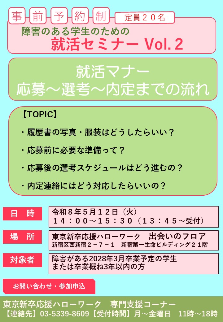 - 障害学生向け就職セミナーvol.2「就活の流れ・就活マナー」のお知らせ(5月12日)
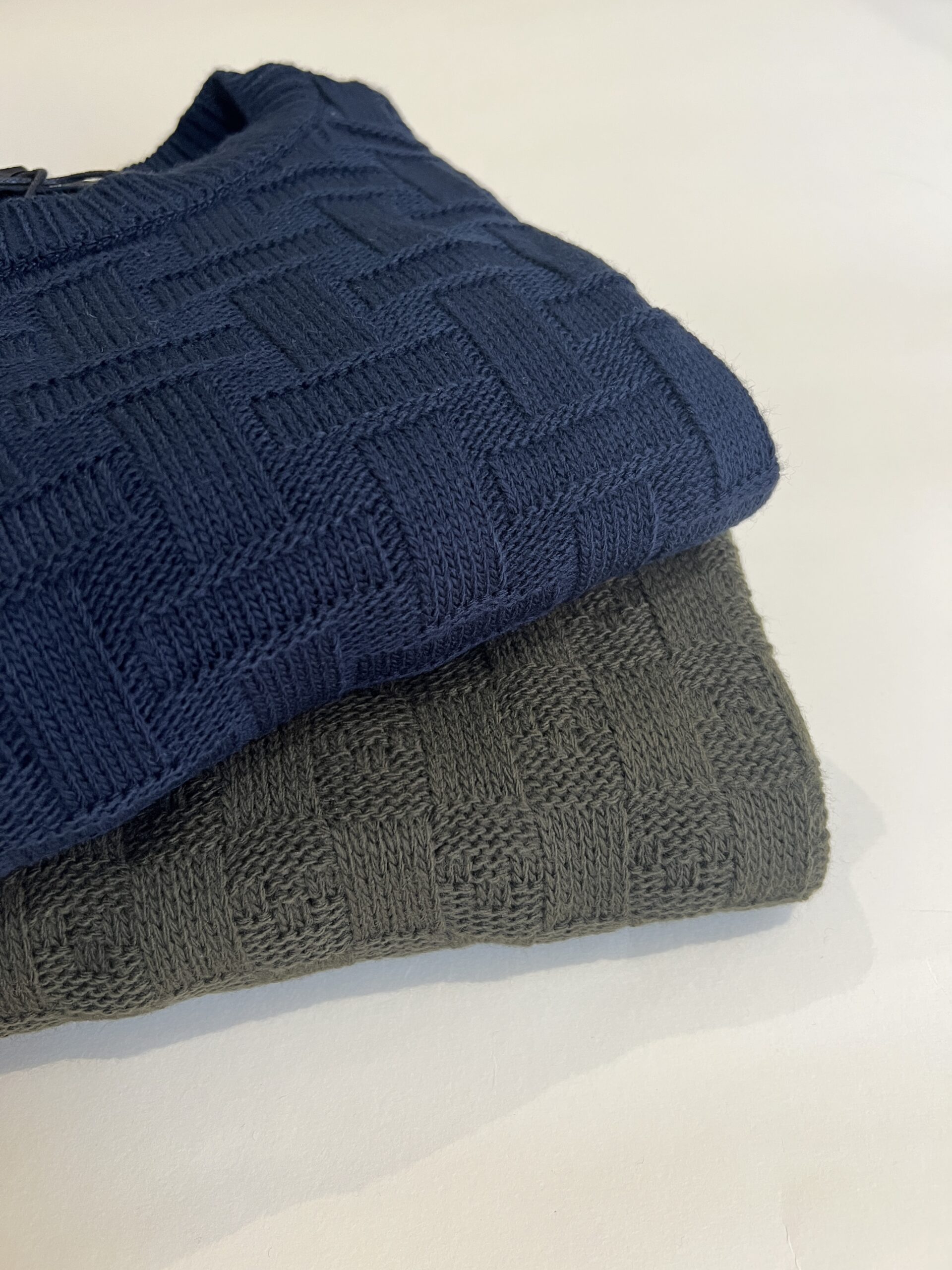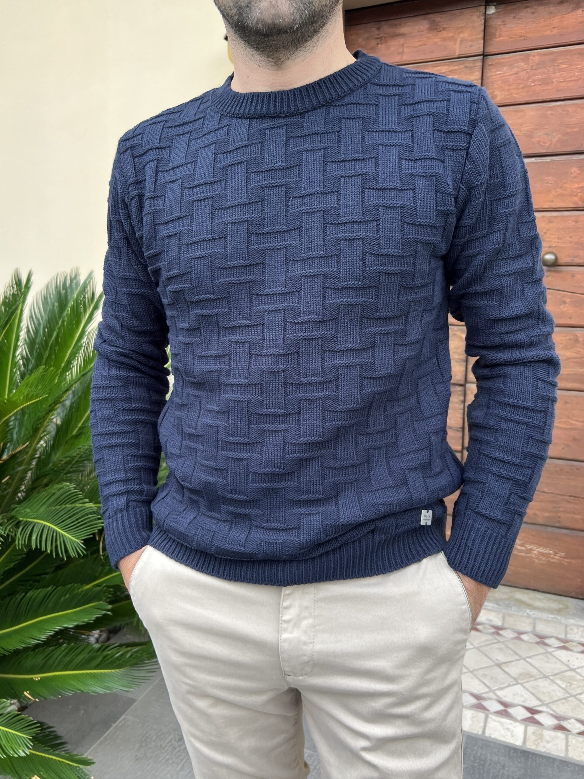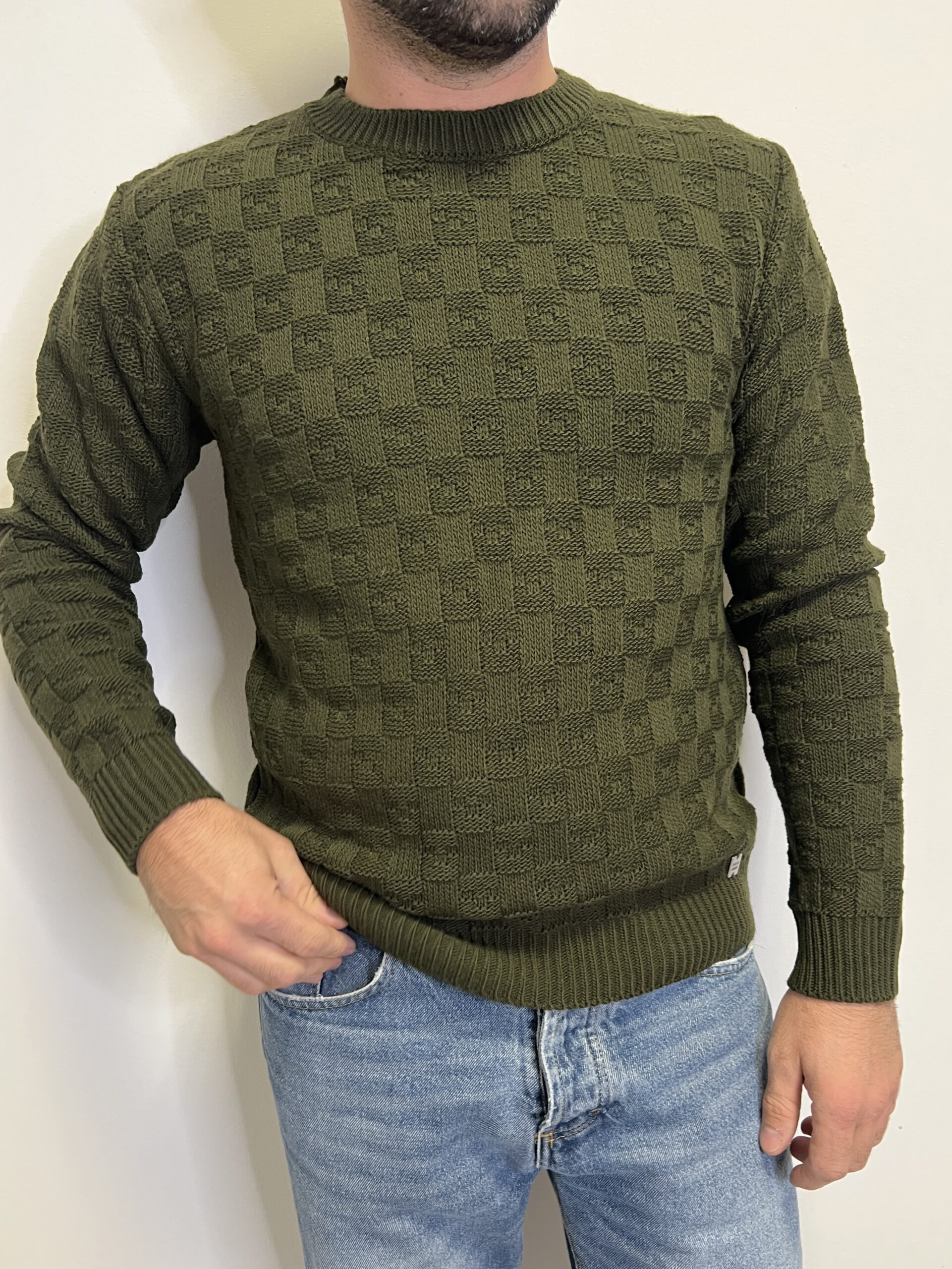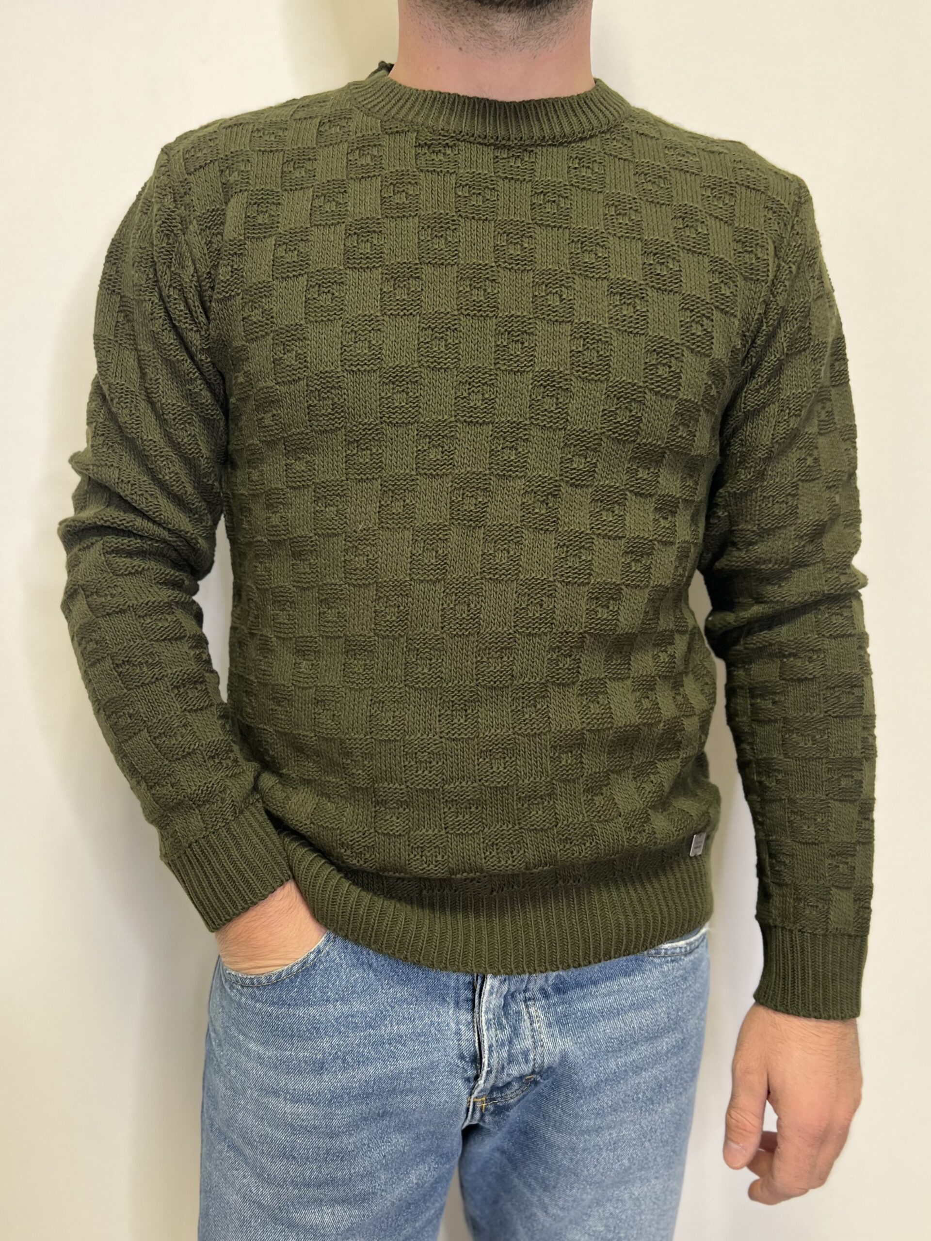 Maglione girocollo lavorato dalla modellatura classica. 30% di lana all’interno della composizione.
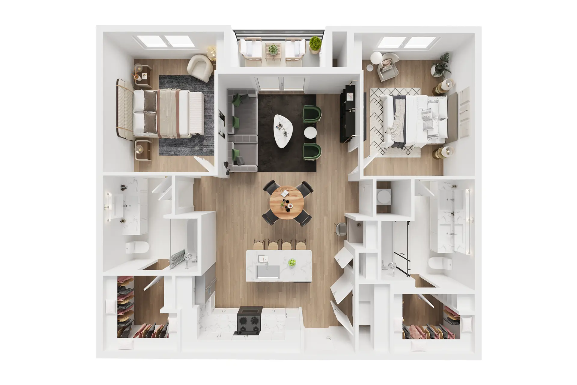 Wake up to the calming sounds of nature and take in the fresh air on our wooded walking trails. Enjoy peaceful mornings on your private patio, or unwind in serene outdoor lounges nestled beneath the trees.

What to produce:
Reproduce all lines above exactly. Leave the images out.

Task answer:
 - 障害学生向け就職セミナーvol.2「就活の流れ・就活マナー」のお知らせ(5月12日)
 Maglione girocollo lavorato dalla modellatura classica. 30% di lana all’interno della composizione.
 Wake up to the calming sounds of nature and take in the fresh air on our wooded walking trails. Enjoy peaceful mornings on your private patio, or unwind in serene outdoor lounges nestled beneath the trees.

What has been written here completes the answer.